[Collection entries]
== Segment start ==

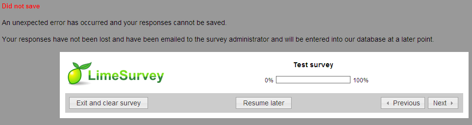 Did not save An unexpected error has occurred and your responses cannot be saved. Your responses have not been lost and have been emailed to the survey administrator and will be entered into our database at a later point. The administrator of the survey receives an email with the token that caused the error and the codes of questions and responses introduced. | ||||
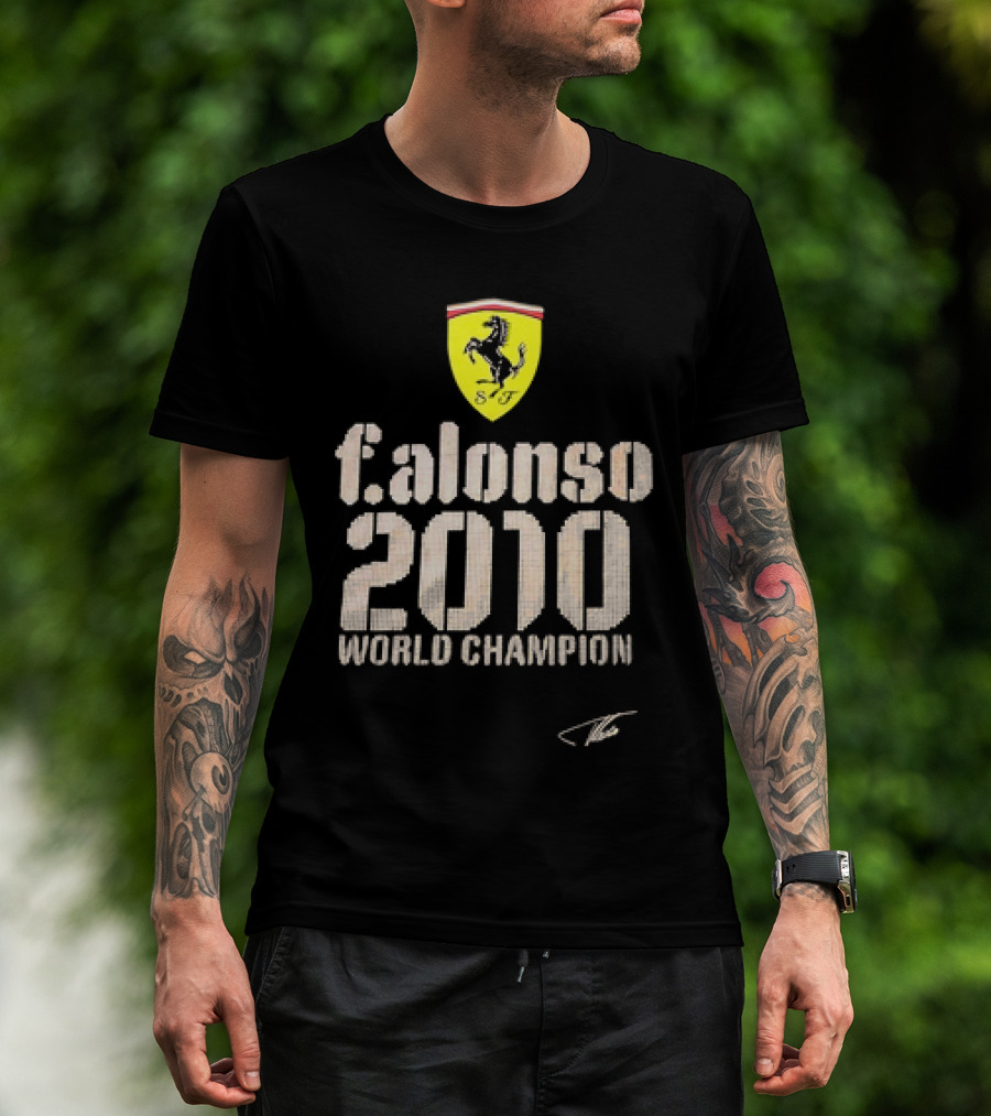 Ferrari F Alonso 2010 World Champion Vintage Logo Yellow Horse Badge T-Shirt
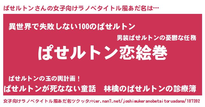 | ヘコむあだ名 | 『ぱせルトン(小並感)』『ぱせもー』 |
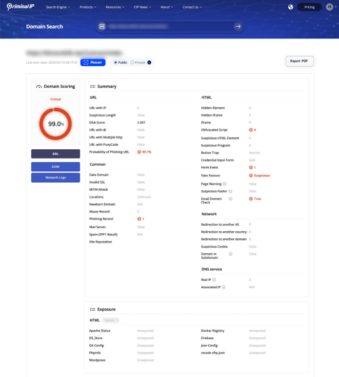 Criminal IP มีความเชี่ยวชาญด้านการสแกนโดเมนแบบเรียลไทม์ โดยใช้ประโยชน์จากข้อมูลเชิงลึกเกี่ยวกับโดเมนเพื่อตรวจสอบโดเมน และ URL เพื่อหาการโจมตีที่อาจเกิดขึ้น เช่น phishing attempts, malware hosting และพฤติกรรมอื่น ๆ ที่น่าสงสัย
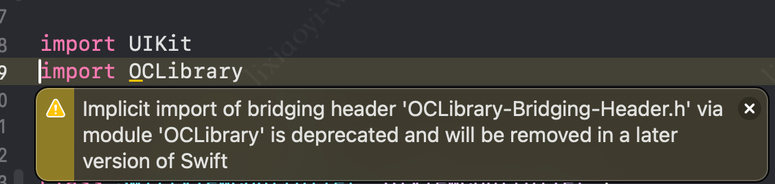 通过模块’OCLibrary’隐式导入桥接头’OCLibrary- bridging - header .h’已被弃用,并将在Swift的后续版本中删除
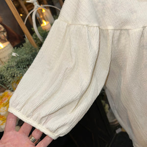 Stay effortlessly cool with this button-up blouse! Designed with a lightweight, crinkled fabric, this shirt features a relaxed silhouette, short sleeves, and a button-front closure. Perfect for layering over tanks or pairing with denim for a casual-chic look, it offers breezy comfort and versatile styling for sunny days or laid-back weekends.
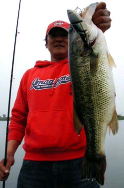 アサイチはやはりTOPエリアへ直行しました。私のオリジナルウッドベイト・TMブルーモツゴの1投目にいきなりデカバスのチェイス。しばらくしてゲストのペンシルにナイスなバイトがきましたがウィード化けしてしまいましたがその後に30クラスをキャッチ。
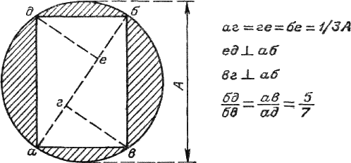 Для расчерчивания бревна на такой брус поступают как показано на рис. 40. Уложив на подкладке бревно горизонтально, по отвесу на торцевой стороне отмечают вертикальный диаметр аб, который делят на три равные части: бе, ее и аг. Из точек г и е восстанавливают по угольнику перпендикуляры к диаметру аб, один – вправо вг и другой – влево де. Точки пересечения этих перпендикуляров с окружностью торца д и в соединяют с концами диаметра а и б. Получится прямоугольник, у которого длина сторон дб и ав будет относиться к длине сторон ад и бв, как 5:7.

== Segment end ==

- Required action -
The result should be every entry, word for word, and no pictures.

- Exercise output -
 Did not save An unexpected error has occurred and your responses cannot be saved. Your responses have not been lost and have been emailed to the survey administrator and will be entered into our database at a later point. The administrator of the survey receives an email with the token that caused the error and the codes of questions and responses introduced. | ||||
 Ferrari F Alonso 2010 World Champion Vintage Logo Yellow Horse Badge T-Shirt
 | ヘコむあだ名 | 『ぱせルトン(小並感)』『ぱせもー』 |
 Criminal IP มีความเชี่ยวชาญด้านการสแกนโดเมนแบบเรียลไทม์ โดยใช้ประโยชน์จากข้อมูลเชิงลึกเกี่ยวกับโดเมนเพื่อตรวจสอบโดเมน และ URL เพื่อหาการโจมตีที่อาจเกิดขึ้น เช่น phishing attempts, malware hosting และพฤติกรรมอื่น ๆ ที่น่าสงสัย
 通过模块’OCLibrary’隐式导入桥接头’OCLibrary- bridging - header .h’已被弃用,并将在Swift的后续版本中删除
 Stay effortlessly cool with this button-up blouse! Designed with a lightweight, crinkled fabric, this shirt features a relaxed silhouette, short sleeves, and a button-front closure. Perfect for layering over tanks or pairing with denim for a casual-chic look, it offers breezy comfort and versatile styling for sunny days or laid-back weekends.
 アサイチはやはりTOPエリアへ直行しました。私のオリジナルウッドベイト・TMブルーモツゴの1投目にいきなりデカバスのチェイス。しばらくしてゲストのペンシルにナイスなバイトがきましたがウィード化けしてしまいましたがその後に30クラスをキャッチ。
 Для расчерчивания бревна на такой брус поступают как показано на рис. 40. Уложив на подкладке бревно горизонтально, по отвесу на торцевой стороне отмечают вертикальный диаметр аб, который делят на три равные части: бе, ее и аг. Из точек г и е восстанавливают по угольнику перпендикуляры к диаметру аб, один – вправо вг и другой – влево де. Точки пересечения этих перпендикуляров с окружностью торца д и в соединяют с концами диаметра а и б. Получится прямоугольник, у которого длина сторон дб и ав будет относиться к длине сторон ад и бв, как 5:7.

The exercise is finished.